In my opinion, it is not surprising that ~ 14 years older patients (G4: 70.7 years versus G1: 56.5 years) have a significantly higher risk of mortality, regardless of the ECF / ICF ratio and the GNRI, especially as comorbidities like cardiovascular disease are substantially higher in this group. Therefore Table 1 (Baseline) basically shows the major aging events with the onset of substance loss. Thus, not only albumin but also uric acid and urea and lipids are correspondingly reduced. Albumin itself is an integral part of the formula for GNRI, and must therefore be predictive. In this regard, it is necessary to look at the collectives once again by age group with the indices. I understand too little about math, but in multivariate analysis, I would have expected that age to be clear
Thank you very much for the comment. The comment is appropriate.
Kobayashi et al. (Nephrol. Dial. Transplant 2010,25,3361-3365) reported that age and GNRI was negatively correlated (r = −0.436, P < 0.0001), and that the age was significantly older in lower GNRI group than in higher GNRI group (70 year vs 59 year, p <0.0001). On the other hand, Kim et al. (PLOS ONE 2017,12,e0170272) also reported that the age of higher ECF/ICF ratio group was significantly older than that of lower ECF/ICF ratio group (57.3 years vs 49.3 years, p = 0.005). In the present study, as you mentioned above, the age increased in order when the risks of all-cause and cardiovascular mortality increased. Thus, we performed multivariate analysis including age to adjust the difference. In this context, we think it is not surprising but natural that the age is older in higher risk group than in lower risk group. For these reasons, we think, for example, a statistically age-matching method is actually inadequate in this study.

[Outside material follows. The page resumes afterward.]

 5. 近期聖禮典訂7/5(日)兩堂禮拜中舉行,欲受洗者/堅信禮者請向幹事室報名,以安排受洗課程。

In addition, the underlying nephrological diseases should be supplemented
Thank you very much for the comment.
We added the underlying kidney diseases to the table 1.

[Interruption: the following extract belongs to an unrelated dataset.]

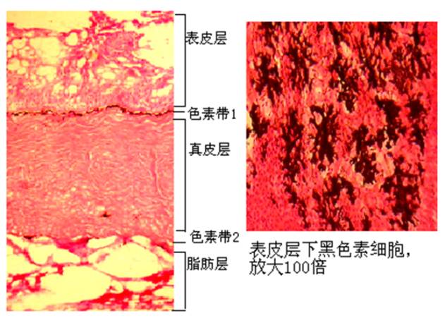 从沉积的量来看,黑色素细胞在黑色素带1含量最多,其次是在黑色素带2

Bicarbonate should be added and investigated as metabolic markers
Thank you very much for the comment.
Acidosis is one of the important cause of the protein-energy wasting (Kidney int. 2008,73,391-398). Unfortunately, bicarbonate was not measured in this study, because the present study was retrospectively performed. However, this comment is important. We add this in the limitation section of the revised manuscript.
Round 2
Reviewer 1 Report
Authors have revised their text and responded to the comments.
Author Response
Thank you very much.
Reviewer 2 Report
1. A more extensive review of previous publications will be better.
2. The main purpose to develop a new parameter for a prognostic prediction is that it makes better prediction. It would be better if you can show that combining GNRI and ECF/ICF ratio can predict better then either age, CRP or creatinine.

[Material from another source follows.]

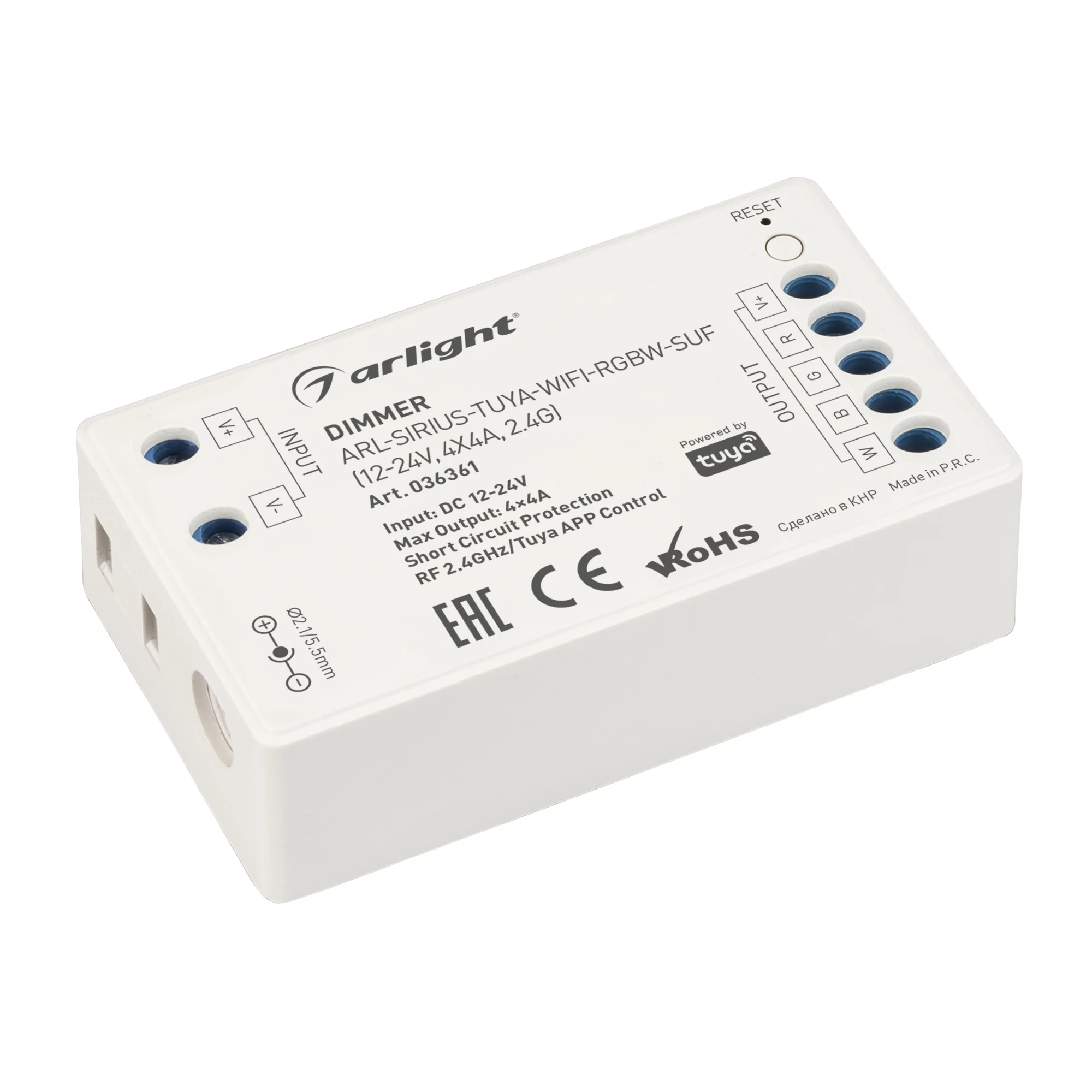 Контроллер четырёхканальный для RGBW светодиодных лент. Питание/рабочее напряжение 12-24VDC, максимальный ток 4A на канал, 4 канала, максимальная мощность 192-384W. Частота ШИМ 1.95kГц, Wi-Fi 2.4G. Винтовые клеммы. Корпус — PVC. Габариты 70х40х20 мм. Cовместим с платформой TUYA, поддерживается управление ЯНДЕКС АЛИСА. Список совместимых пультов в разделе «Совместимые».

3. Why did you correct the data of the percentage of hypertension in each group?
Author Response
Response to Reviewer 2
Thank you very much for your constructive comments.
A more extensive review of previous publications will be better.
Thank you very much for the comment.
We included previous publications enough to understand our paper.
The main purpose to develop a new parameter for a prognostic prediction is that it makes better prediction. It would be better if you can show that combining GNRI and ECF/ICF ratio can predict better then either age, CRP or creatinine.
Thank you very much for the comment.
We have already shown that the C-index for all-cause and cardiovascular mortality significantly improved by adding the combined GNRI and ECF/ICF ratio to the established risk model including age, CRP, and creatinine. Similar results were obtained for NRI and IDI. You can check this in the result section of model discrimination and in Table 4.
Why did you correct the data of the percentage of hypertension in each group?
Thank you very much for the comment.
As you mentioned, the percentage of hypertension was high in our study. So, we reviewed blood pressure before hemodialysis session and anti-hypertensive medications in all patients. And, we found that the definition of hypertension was ambiguous. Therefore, we reanalyzed data after hypertension was defined as systolic blood pressure ≥ 140 mmHg and/or diastolic blood pressure ≥ 90 mmHg before hemodialysis session, or taking anti-hypertensive drugs.